Eventually there's going to be autonomy in East Bengal within the next two years.
But not in the next six months.
And the Indians are just playing a revolting, rough game.
The reason we have to prevent a famine in East Pakistan is if a famine develops, another flood of refugees will go out.
And that gives the Indians, if we can defuse the refugee and famine problem, we are depriving the Indians of an excuse to start the war.
Well, you've got the Indians.
No, they're going to stop.
They get their aid stopped when the war starts.
Yeah.
They aren't going to get any aid.
Well, we've got to get Cisco under control.
Unfortunately, every crisis in Cisco's... Yeah, this is too...
This part, that's going to be reorganized anyway.
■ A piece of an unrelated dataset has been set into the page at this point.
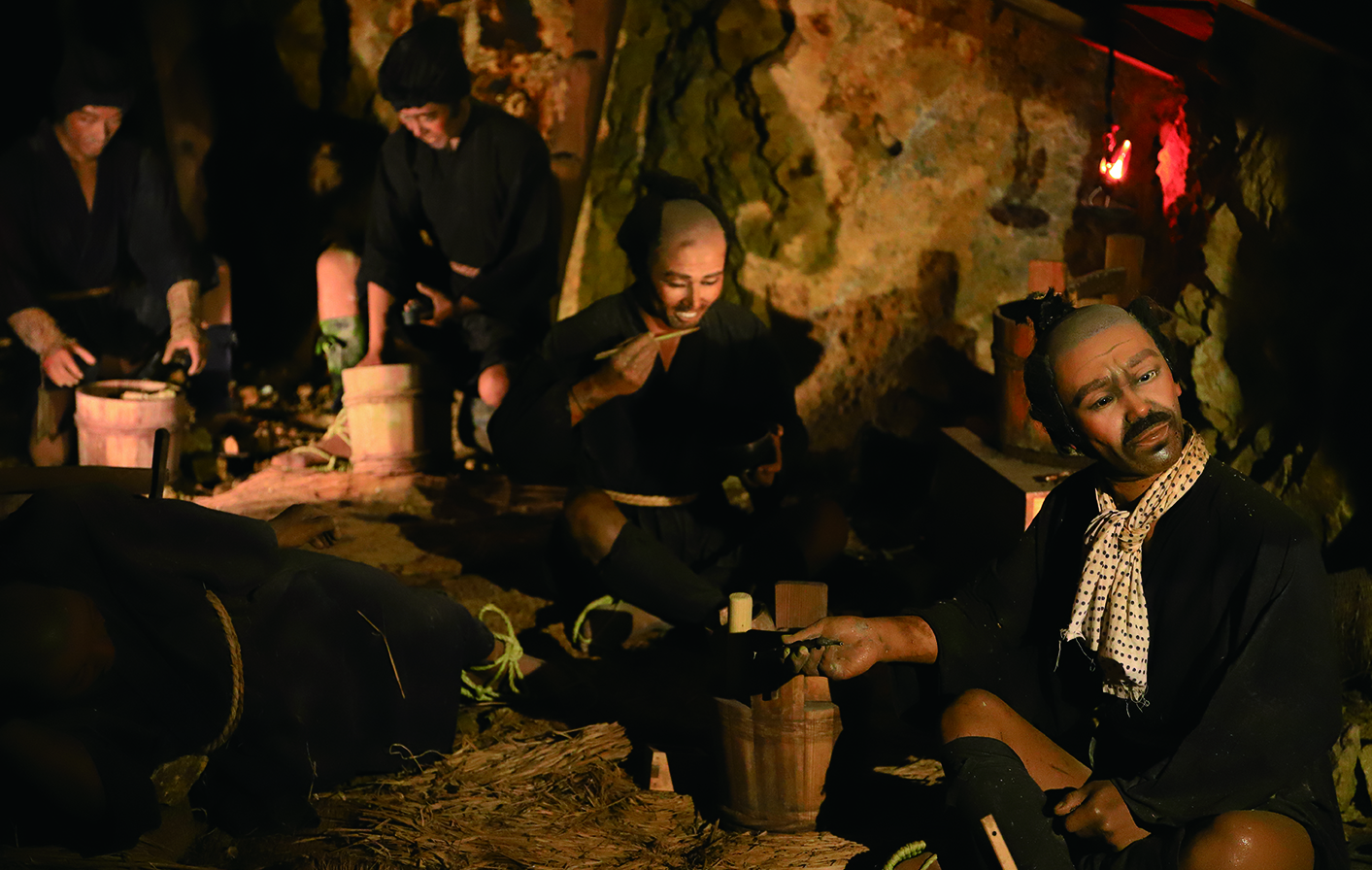 江戸時代の坑夫たちはタガネで一日わずか数十センチしか掘れなかったそうです。

This shouldn't be in the sense of maybe... No.
And Cisco is a maniac.
He's... What side is he on on this one?
Pakistan.
Oh.
Well, he's such a whore.
His department is on the side of Pakistan.
India.
Of India.
Yeah.
The trouble with Cisco is that he's all tactics and no strategy.
He's got a hot idea every three days.
But I'll talk to Phil.
I think Phil is on the same wavelength.
He's on the same wavelength.
This is just talking.
I'm taking you to the 45th.
It's a terrible blow-up.
Blow-up.
Right.
With regard to the wrestling and so forth, let me tell you, I don't need on the India-Pakistan, but on China in particular, I want to say very, very little.
I'm just going to be in the office.
I don't give a damn.
I'm just going to cut them off, curse them and everything.
The other India-Pakistan divided me up so that you said something about the... Oh, yes, yes.
You can figure out... That's all I need.